Chapter 4 Missing values
Below are some key observations with respect to Missing Values in the dataset.
Missing values by column for the Liar dataset
## Speaker Job Title State Info Venue/Location
## 3170 2446 110
## Subject(s) Speaker The Party Affiliation
## 2 2 2
## Barely True Counts False Counts Half True Counts
## 2 2 2
## Mostly True Counts Pants on Fire Counts ID
## 2 2 0
## Label Statement
## 0 0
It is important to note that the Label column (independent feature) doesn’t have missing values in the dataset.
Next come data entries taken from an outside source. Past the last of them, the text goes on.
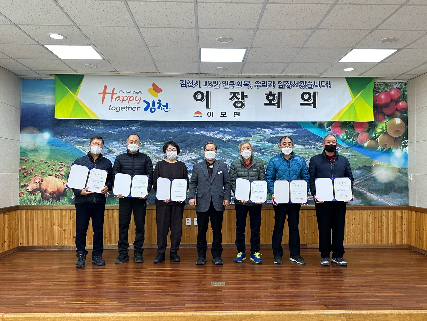 이날 회의에서는 한 해 동안 마을일을 맡아 행정기관과 주민의 가교 역할을 해줄 신임 및 연임 마을이장에게 임명장을 수여하고, 권영춘 면장의 신임인사 및 각종 지원 사업 등 현안사항을 전달했다. 어모면 이장협의회는 중왕2리 이권중, 남산2리 김동환, 능치2리 박병숙, 은기1리 김홍연, 은기3리 최인관, 동좌2리 박안식 이장이 신임되어 앞으로 3년간 이장직을 맡게 되었고, 이장협의회장으로는 어모면 능치1리 박세현 이장이 맡아 이끌게 된다.
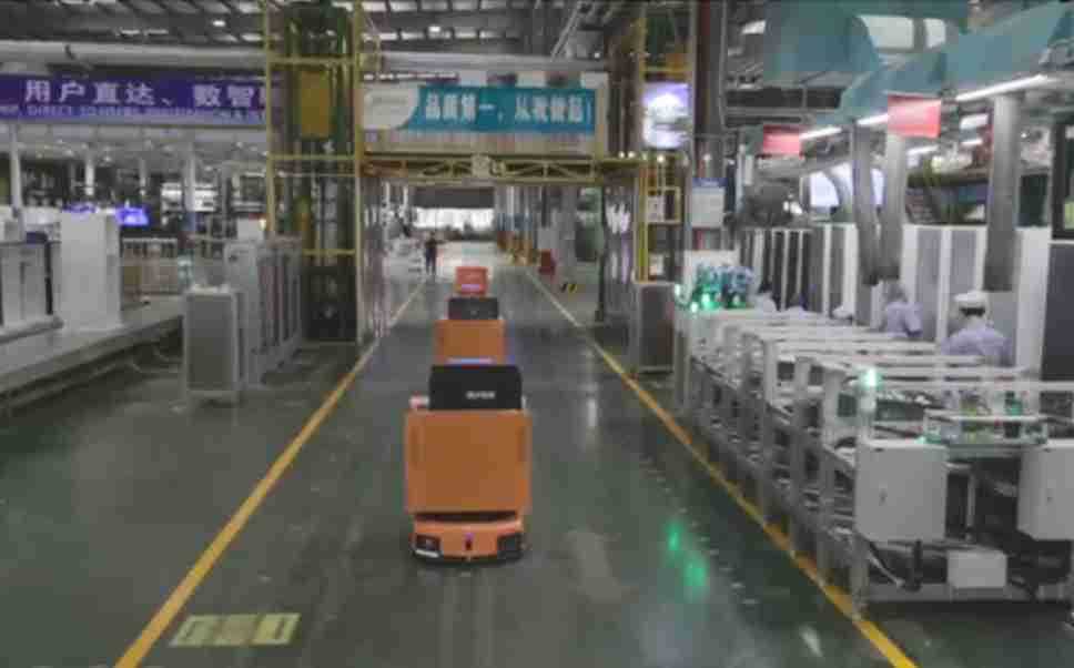 为车载冰箱物流配送打造的智能解决方案,,,,包含产中物流通过潜伏举升AMR搬运至线边,,产后成品物流智能仓储,,流程包含产中物流智能齐套入库,,,,线边安灯叫料AMR智能配送至线边,,成品入库、、出库,,,,通过无人堆高车机器人,,,,智能仓储管理替代人工作业管理,,,,实现更高存储、、更高效率、、、、更具柔性化的解决方案。。。
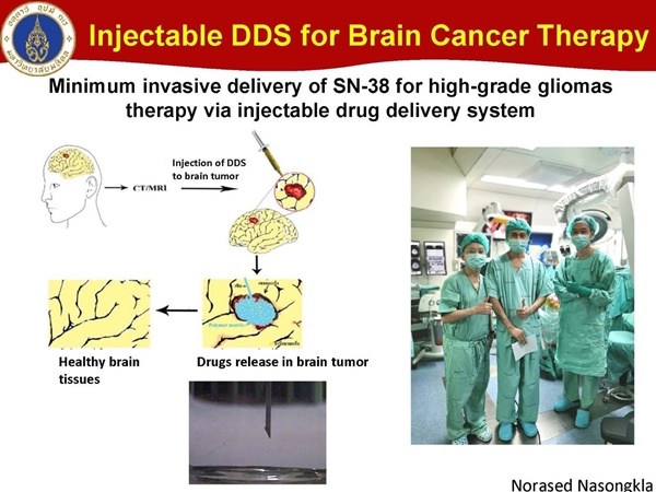 โรคมะเร็งสมอง (Brain cancer) เป็นหนึ่งในโรคที่มีอัตราการเสียชีวิตสูง รอดน้อยกว่า 10% และรักษาให้หายขาดได้ยาก ทีมวิจัย 3 คนไทยจากคณะวิศวะมหิดล ร่วมกับคณะแพทยศาสตร์รพ.รามาธิบดี มหาวิทยาลัยมหิดล คิดค้นครั้งแรกในอาเซียน นวัตกรรม ‘ระบบส่งยาฉีดรักษามะเร็งสมองจากเจลชีวพอลิเมอร์’ (Injectable Polymeric Drug Delivery System for Human Brain Cancer Treatment) พลิกโฉมหน้าใหม่ของการรักษามะเร็ง โดยส่งยาเข้าถึงเป้าหมายมะเร็งในสมองได้ตรงจุด และยับยั้งเซลล์มะเร็งสมองโดยไม่มีพิษต่อร่างกายในการทดลองกับผู้ป่วยเฟสที่ 1 และกำลังเดินหน้าเฟสที่ 2 นวัตกรรมนี้ได้รับการจดสิทธิบัตรและได้รับการตีพิมพ์ในหลายวารสารต่างประเทศ เป็นความหวังของคนไทยที่จะได้เห็นผลงานวิจัยนี้ไปสู่การผลิตใช้จริงในการต่อสู้กับมะเร็งเพื่อช่วยชีวิตคนไทยและเพื่อนมนุษย์ทั่วโลกได้จำนวนมากศ.นพ.ปิยะมิตร ศรีธรา คณบดีคณะแพทยศาสตร์ รพ.รามาธิบดี ม.มหิดล กล่าวว่า มะเร็งเป็น 1 ใน 5 โรคร้ายแรงที่คร่าชีวิตคนไทยมากที่สุด โดยข้อมูลปี 2563 มีผู้เสียชีวิตจากโรคมะเร็ง เฉลี่ยวันละ 342 คน หรือ 124,866 คนต่อปี และมีผู้ป่วยใหม่ถึง 190,636 คน แม้ว่าผู้ป่วยมะเร็งสมองจะมีสัดส่วนน้อย เพียง 1% เมื่อเทียบกับผู้ป่วยโรคมะเร็งทั้งหมด แต่การแพร่ลามของเนื้อมะเร็งจากอวัยวะอื่นๆ ย่อมก่อให้เกิดภาวะความเสี่ยงต่อการเป็นมะเร็งสมองได้เช่นกัน โรคมะเร็งสมองเป็นภาวะความผิดปกติของการเจริญเติบโตของเซลล์สมองที่มีการขยายตัวเจริญเติบโตอย่างผิดปกติ จนทำให้เกิดภาวะเริ่มแรก “เนื้องอก” ก่อนที่จะค่อยๆ ลุกลามไปกดทับเส้นเลือดหรือเส้นประสาทในสมองจนทำให้เกิดเป็นเนื้อร้ายในที่สุด ทั้งนี้ มะเร็งสมองในผู้ใหญ่โอกาสหายขาดมีน้อยไม่ถึง 10% ความสำเร็จของการพัฒนา นวัตกรรม ‘ระบบส่งยาฉีดรักษามะเร็งสมองจากเจลชีวพอลิเมอร์’ เป็นความร่วมมือวิจัยพัฒนาระหว่างคณะวิศวกรรมศาสตร์กับคณะแพทยศาสตร์โรงพยาบาลรามาธิบดี มหาวิทยาลัยมหิดล จากความมุ่งมั่นเพื่อยกระดับคุณภาพชีวิตของคนไทยในการต่อสู้กับมะเร็งสมอง และต่อยอดนำไปรักษามะเร็งชนิดอื่นๆ ในอนาคตด้วย
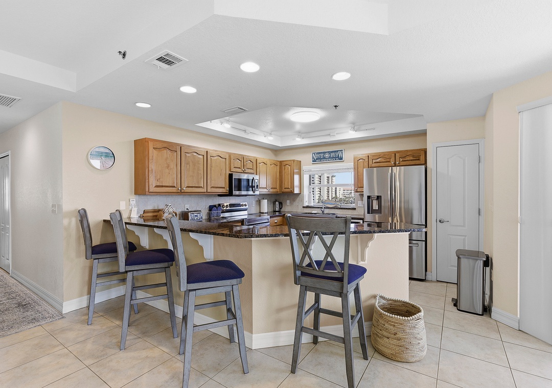 You’re also just steps away from two community pools located at Rec Center 1 and Rec Center 2, and the unit sits directly across from the elevator, making trips to the pool or beach effortless.
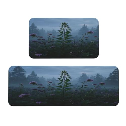 Wild Flower Bed Kitchen Rugs Set of 2, Cushioned Anti-Fatigue Kitchen Mats for Floor, Waterproof Comfort Standing Mat Absorbent Velvet Kitchen Runner Rugs 17"x30"+17"x47"
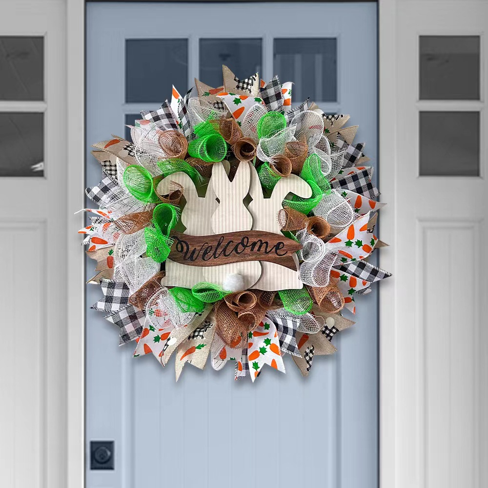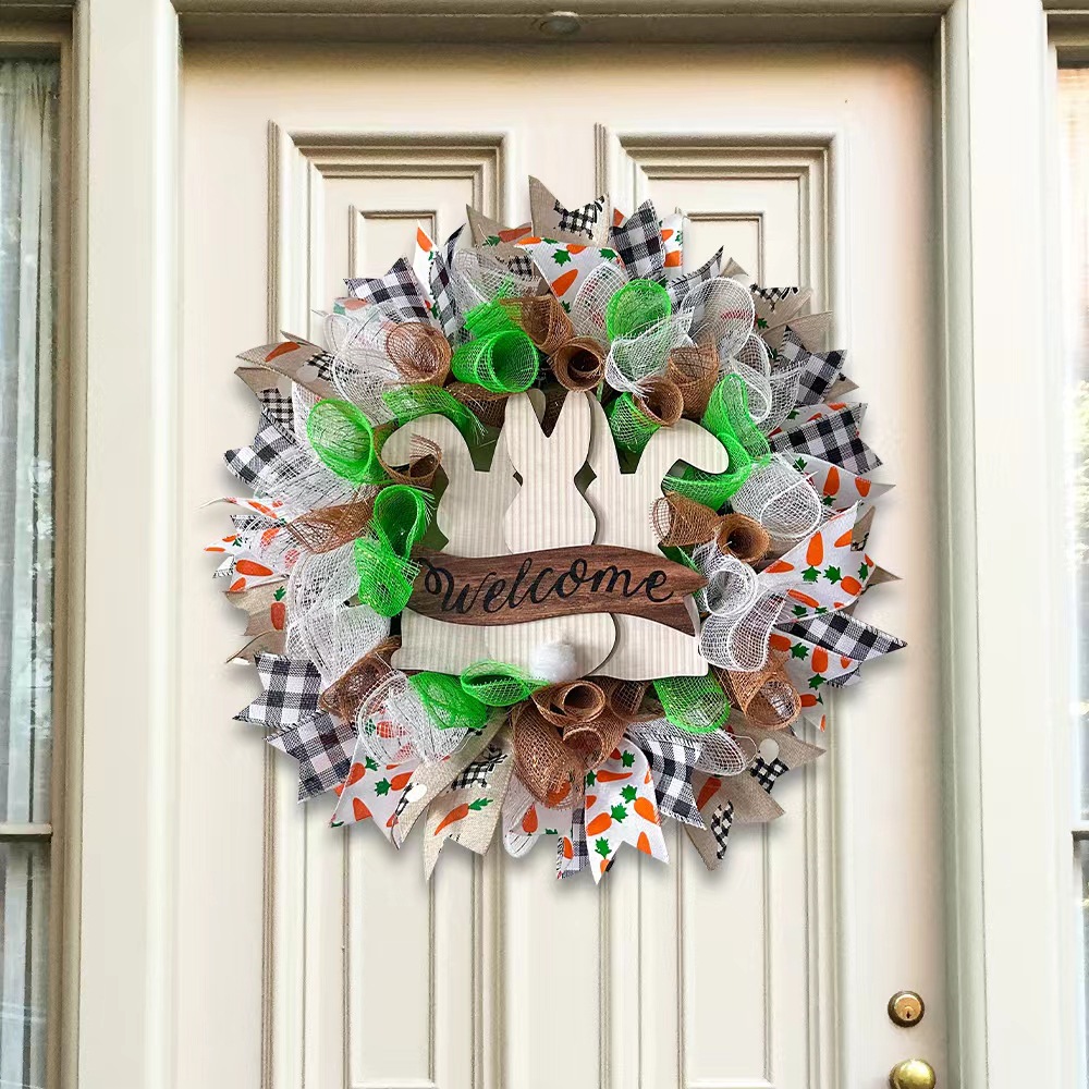 Главная страница > 2024 Новый Пасхальный кролик лента гирлянда украшение входной двери гирлянда фермерский дом дверь во двор висит
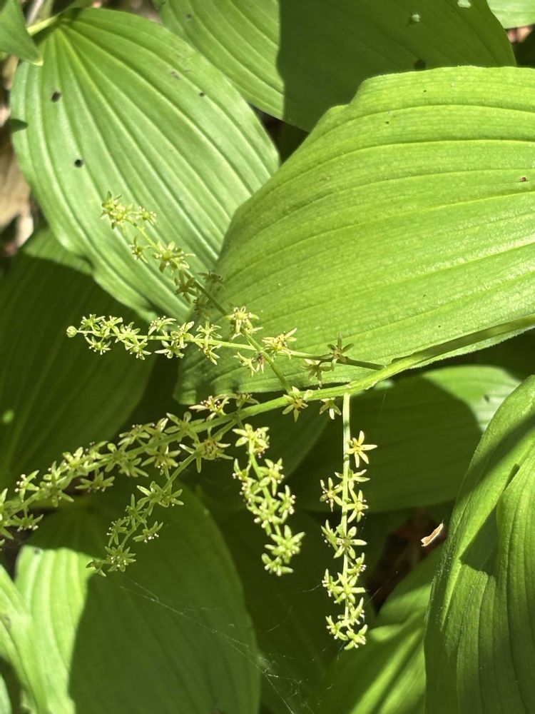 ③ヒロハユキザサ。花(写真は雄花)も茎も緑色です。茎は無毛です
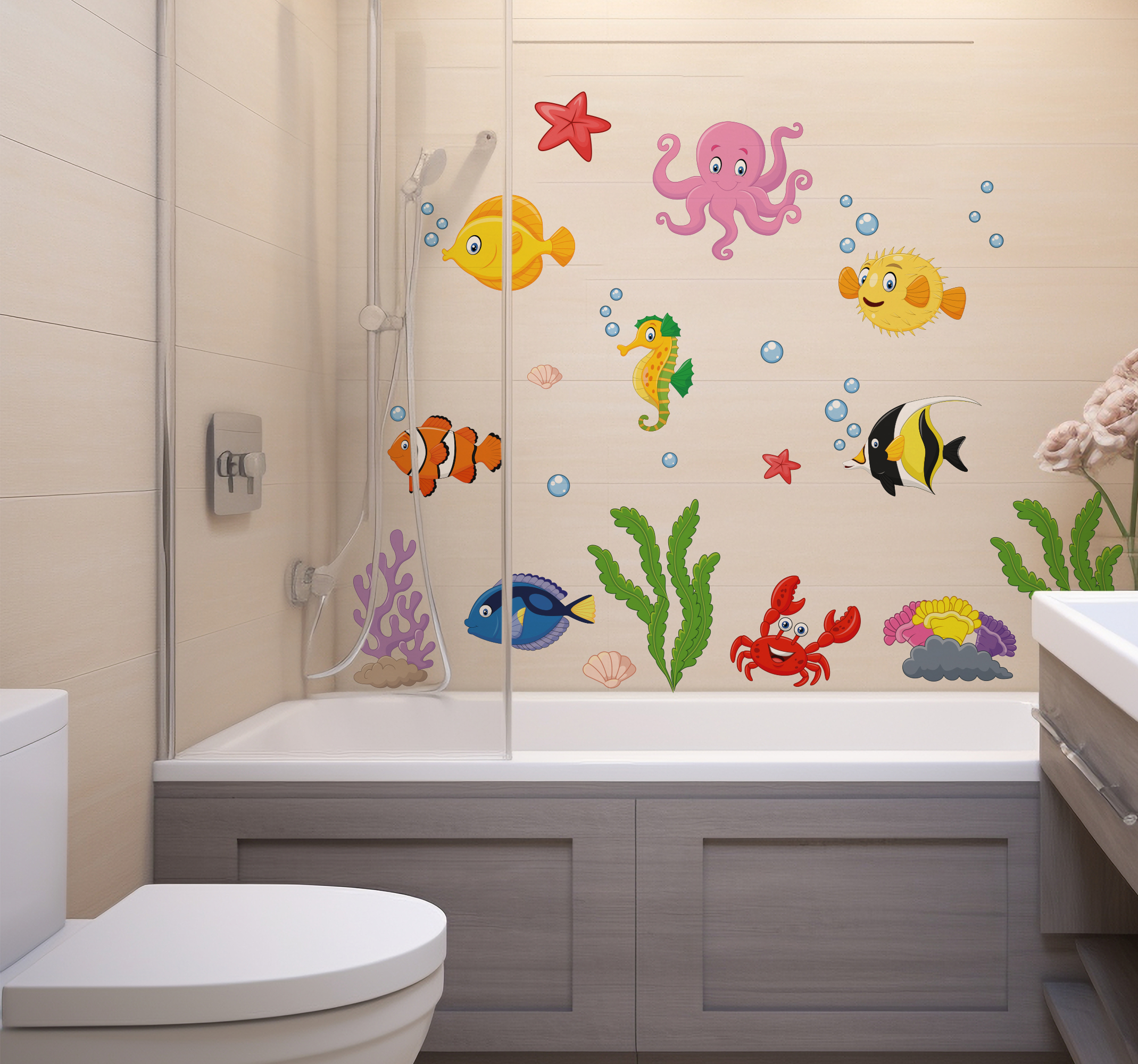 Deze Tekenfilmvissen Badkamer sticker is de perfecte keuze voor iedereen die op zoek is naar een unieke en kleurrijke manier om hun badkamer te decoreren! Het ontwerp van deze sticker is geïllustreerd met schattige tekenfilmvissen en brengt een levendige en vrolijke sfeer in de ruimte. Met zijn zee-gerelateerde elementen en prachtige illustraties, voegt deze sticker een speels tintje toe aan elke badkamer.
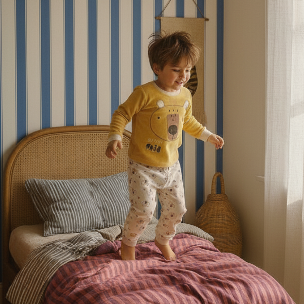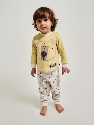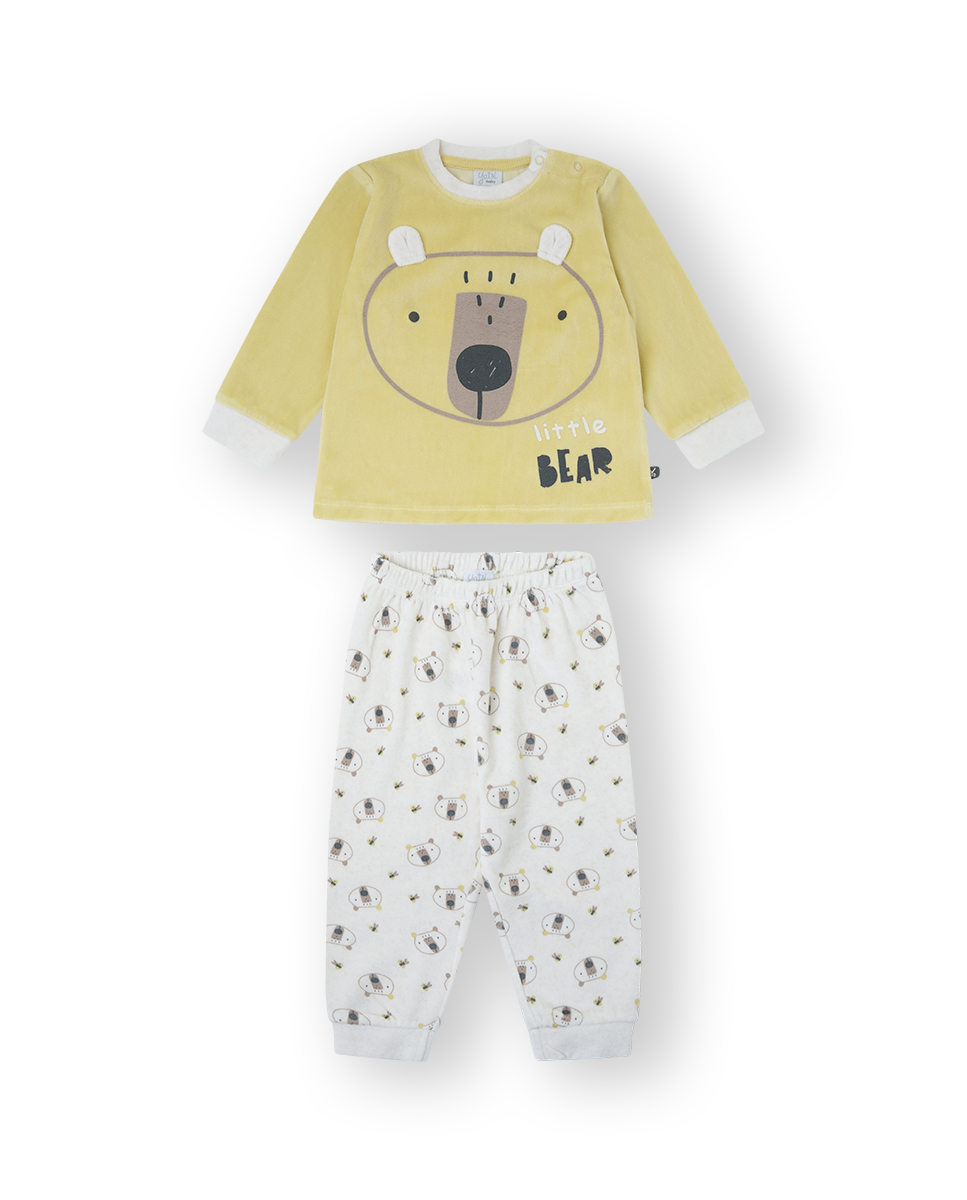 Pijama duas peças para menino, em algodão suave, com estampado em tons amarelo e punhos canelados para um ajuste confortável. Macio e respirável, perfeito para noites quentinhas e tranquilas.
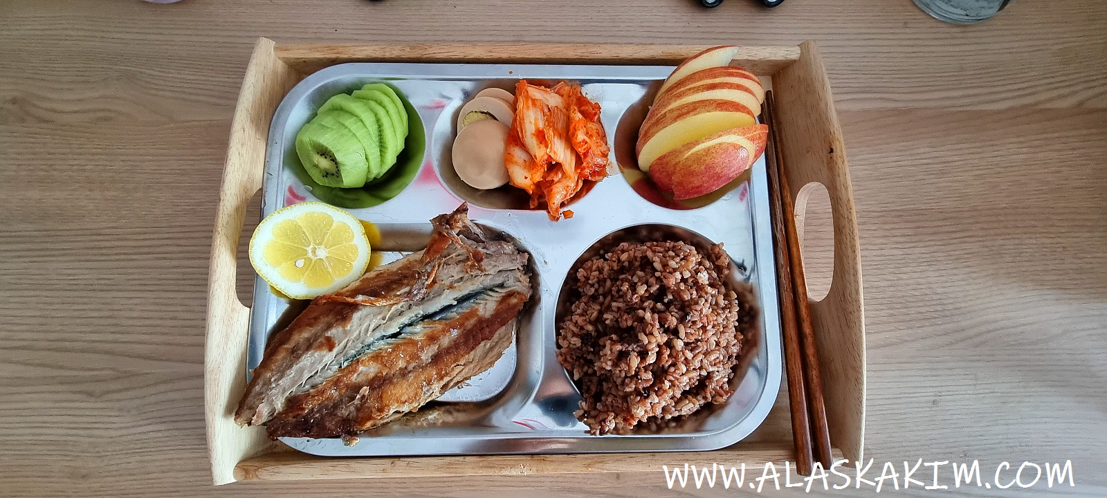 저 식판이 워낙 작은 거라 밥을 조금만 담아도 많아 보이네요.
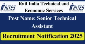 RITES Recruitment 2025 Apply for 600 Senior Technical Assistant Vacancies in All India location. Rail India Technical and Economic Services Officials are recently published a job notification to fill up 600 Posts through Online mode. All the eligible aspirants can check the RITES career official website i.e., rites.com recruitment 2025. The last date to Apply Online on or before 12-Nov-2025.
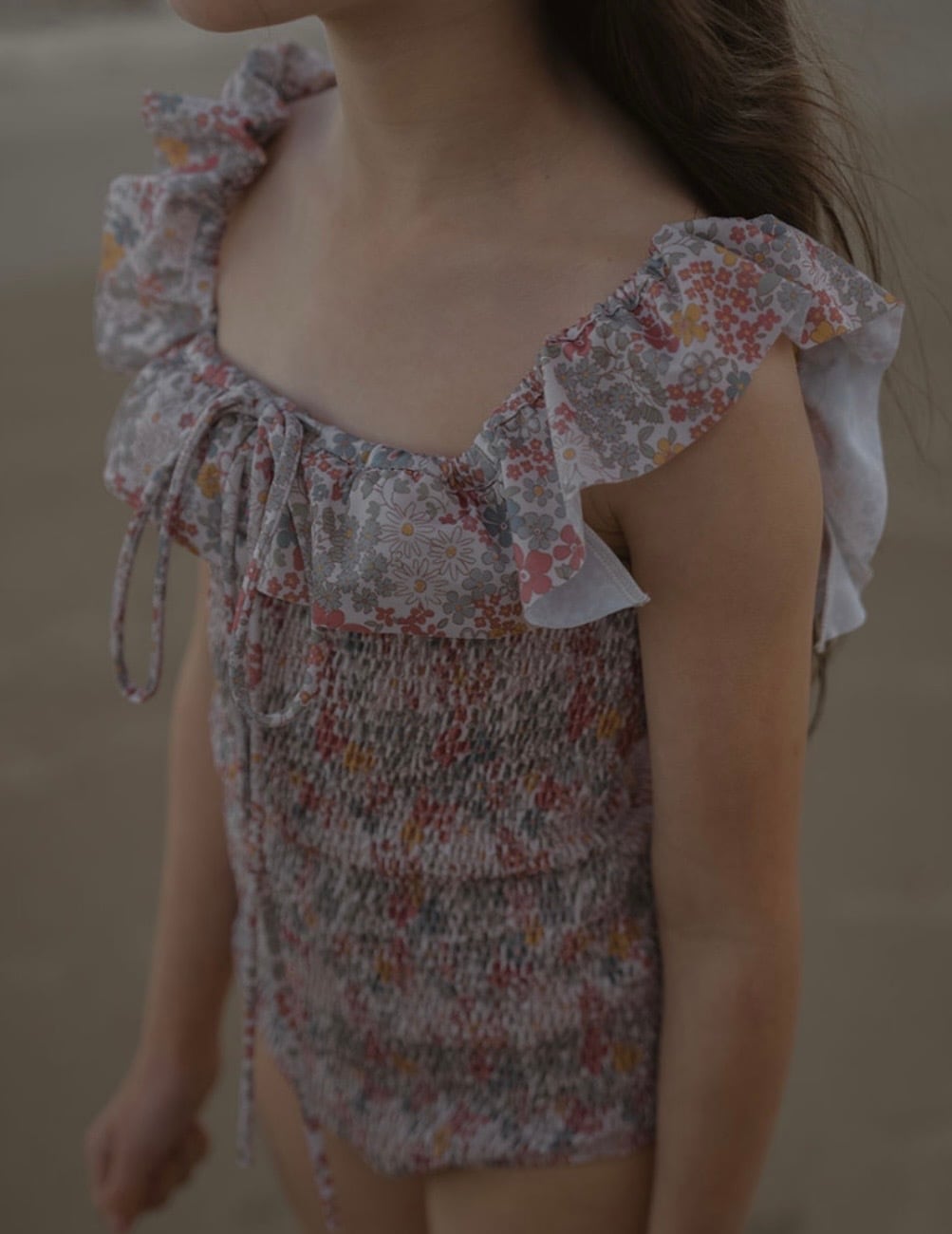 伸縮性のあるスモックボディスが心地よく、包み込むようなフィット感を実現。フリルストラップとフロントのキュートなリボンが、より一層可愛らしさを演出します。笑い声、暖かいそよ風、そしていつまでも甘い夏の日々のために作られた一枚です。
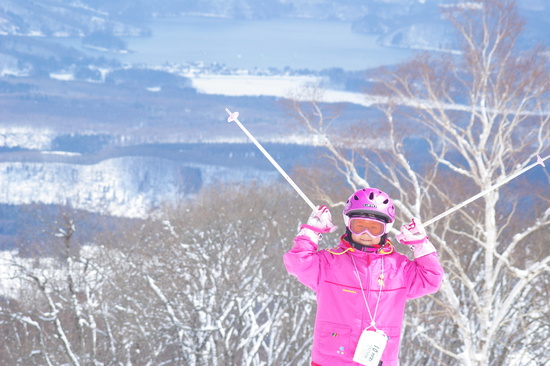 ゴンドラで一気に上り、一気に滑り降る爽快感は格別です。また、正面に見える斑尾山や野尻湖の景色も最高。

Most of the columns have 2 missing values, which after taking a closer look belongs to ID’s 5872 and 8180
Speaker Job Title has the most missing values - 3170 missing entries
Top 30 row-id having maximum missing values
## 5872 8180 921 1137 1274 2584 2834 3622 3645 4020 5845 6058 6279
## 11 11 3 3 3 3 3 3 3 3 3 3 3
## 6553 6603 8125 8172 8222 8952 9323 9583 9752 10096 10434 10667 10871
## 3 3 3 3 3 3 3 3 3 3 3 3 3
## 11120 3 8 13
## 3 2 2 2
- Maximum number of columns with missing values in a given row are 11. For examples Id’s like 5872, 8180 etc. have 11 columns with missing values.
Heatmap
Since we noticed that “Speaker Job Title” and “State Info” had maximum missing values, we used heatmaps to see if we can observe any pattern. Below are the observed patterns :-
For “Speaker Job Title”, True & False Staements were completely missing.
For “State Info” feature, False Statements were completely missing.
Missing proportions
We created this missing values plots to identify any patterns for the rows.
- The majority of the rows have no missing values
- Roughly 1800 rows have Speaker Job Title and State Info missing
- Over 1000 rows only have Speaker Job Title missing, and roughly 500 rows only have State Info missing.
- The rest of the patterns are hardly present.